In conclusion, there exists a function,

$$K_p:S_p=\left\{u\in L\left(\mathsf{\Omega }\right)|{\widetilde{\mathsf{𝔼}}}_p\left[u\right]=0\right\}\ni u\mapsto K_p\left(u\right)\ge 0,$$

and $K_p\left(u\right)>0$ provided $u\ne 0$, such that

$$q={\exp }_{\kappa }\left(u-K_p\left(u\right)+{\log }_{\kappa }\left(p\right)\right)\in Ԑ\left(\mathsf{\Omega }\right).$$

Hence, we have

$$K_p\left(u\right)=\tilde{D}\left(p|q\right)$$

and the mapping

$$s_p:Ԑ\left(\mathsf{\Omega }\right)\to S_p$$

is a bijection with inverse

$$e_p:S_p\ni u\mapsto {\exp }_{\kappa }\left(u-K_p\left(u\right)+{\log }_{\kappa }\left(p\right)\right)\in Ԑ\left(\mathsf{\Omega }\right).$$

(7)

1.7. Properties of the Cumulant Function $K_p$

Let us compute the derivatives of the function $K_p$. We use a square bracket notation for the direction

$$d{K}_p\left(u\right)\left[h\right]=\underset{\theta \to 0}{lim}{\theta }^{-1}\left(K_p(u+\theta h)-K_p\left(u\right)\right)={\left.\frac{d}{d\theta }{K}_p(u+\theta h)\right|}_{\theta =0}.$$

From Equation (7),

$$\begin{array}{cc}\hfill 0& ={\left.\frac{d}{d\theta }\sum _{x\in \mathsf{\Omega }}{\exp }_{\kappa }\left(u\left(x\right)+\theta h\left(x\right)-K_p(u+\theta h)+{\log }_{\kappa }\left(p\left(x\right)\right)\right)\right|}_{\theta =0}\hfill \\ \hfill & ={\left.\sum _{x\in \mathsf{\Omega }}A\left({\exp }_{\kappa }\left(u\left(x\right)+\theta h\left(x\right)-K_p(u+\theta h)+{\log }_{\kappa }\left(p\left(x\right)\right)\right)\right)(h\left(x\right)-\frac{d}{dt}{K}_p(u+\theta h))\right|}_{\theta =0}\hfill \\ \hfill & =\sum _{x\in \mathsf{\Omega }}A\left({\exp }_{\kappa }\left(u\left(x\right)-K_p\left(u\right)+{\log }_{\kappa }\left(p\left(x\right)\right)\right)\right)(h\left(x\right)-d{K}_p\left(u\right)\left[h\right])\hfill \\ \hfill & =\sum _{x\in \mathsf{\Omega }}A\left(e_p\left(u\right)\right)(h-d{K}_p\left(u\right)\left[h\right]).\hfill \end{array}$$

It follows that, for each $p\in Ԑ\left(\mathsf{\Omega }\right)$ and $u,h\in S_p$, it holds

$$d{K}_p\left(u\right)\left[h\right]={\widetilde{\mathsf{𝔼}}}_q\left[h\right],$$

(8)

where $q=e_p\left(u\right)$; see Equation (7).

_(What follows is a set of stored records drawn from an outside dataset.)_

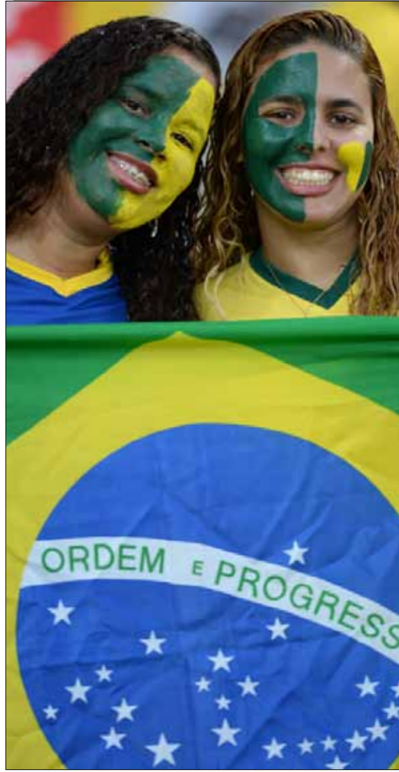
إبتسامة بعد خيبات

اما اللقاء الودي الاخير بينهما فكان في 15 تشرين الثاني 2011 حين فازت الاوروغواي في روما 1-0، علماً بأن الطرفين تواجهها في اربع مباريات ودية اخرى فازت ايطاليا في واحدة والاوروغواي في واحدة مقابل تعادلين.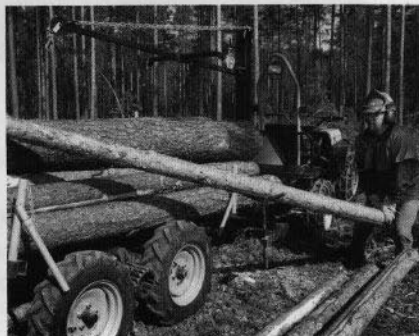
Lastvipa för massaved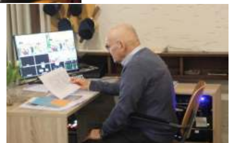
Alles wordt goed voorbereid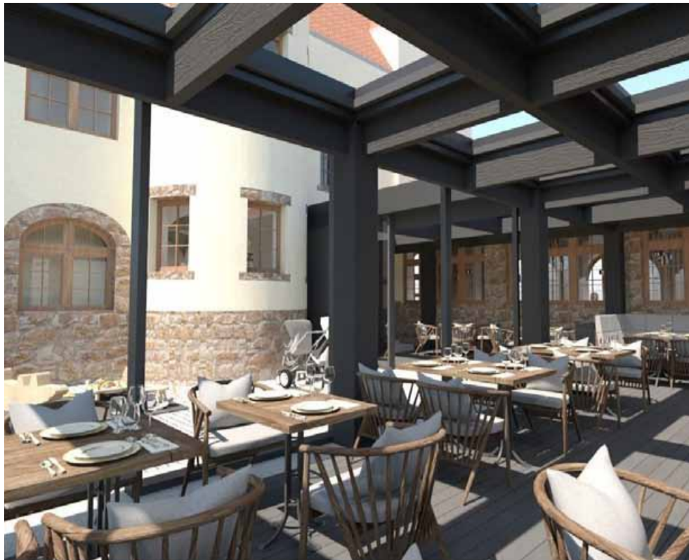
Práce na rekonstrukci restaurace budou hotovy v zimě. Nájemce, kterým je společnost Nord Food, otevře provoz až v příštím roce.

Nájemce Hněvína vybralo město s předstihem, aby mohl konzultovat projektové přípravy na restauraci a rozhodovat o tom, jak by měla restaurace vypadat. Plány byly nakonec ale jiné než skutečnost. Celou akci už od začátku provázela řada problémů. „Zhruba rok jsme se dohadovali s hasiči ohledně požární bezpečnosti budoucího záměru, takže jsme museli zpracovávat nové řešení, což akci významně posunulo. Následně se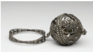
Silberner Garnhalter, 1. Drittel 19. Jahrhundert (Inv.-Nr. 186/31)

If the curve $t\mapsto q\left(t\right)$ has constant divergence, that is, $\tilde{D}\left(p\left|q\right(t)\right)=\tilde{D}\left(p\left|q\right(0)\right)$, derivation provides

$$0=\frac{d}{dt}\tilde{D}\left(p\left|q\right(t)\right)=\frac{d}{dt}{K}_p\left(u\left(t\right)\right)=d{K}_p\left(u\left(t\right)\right)\left[\dot{u}\left(t\right)\right]={\widetilde{\mathsf{𝔼}}}_{q\left(t\right)}\left[\dot{u}\left(t\right)\right].$$

Notice that ${\widetilde{\mathsf{𝔼}}}_{q\left(0\right)}\left[u\left(t\right)\right]=0$, but this does not imply ${\widetilde{\mathsf{𝔼}}}_{q\left(t\right)}\left[\dot{u}\left(t\right)\right]$ unless the previous conditions hold true.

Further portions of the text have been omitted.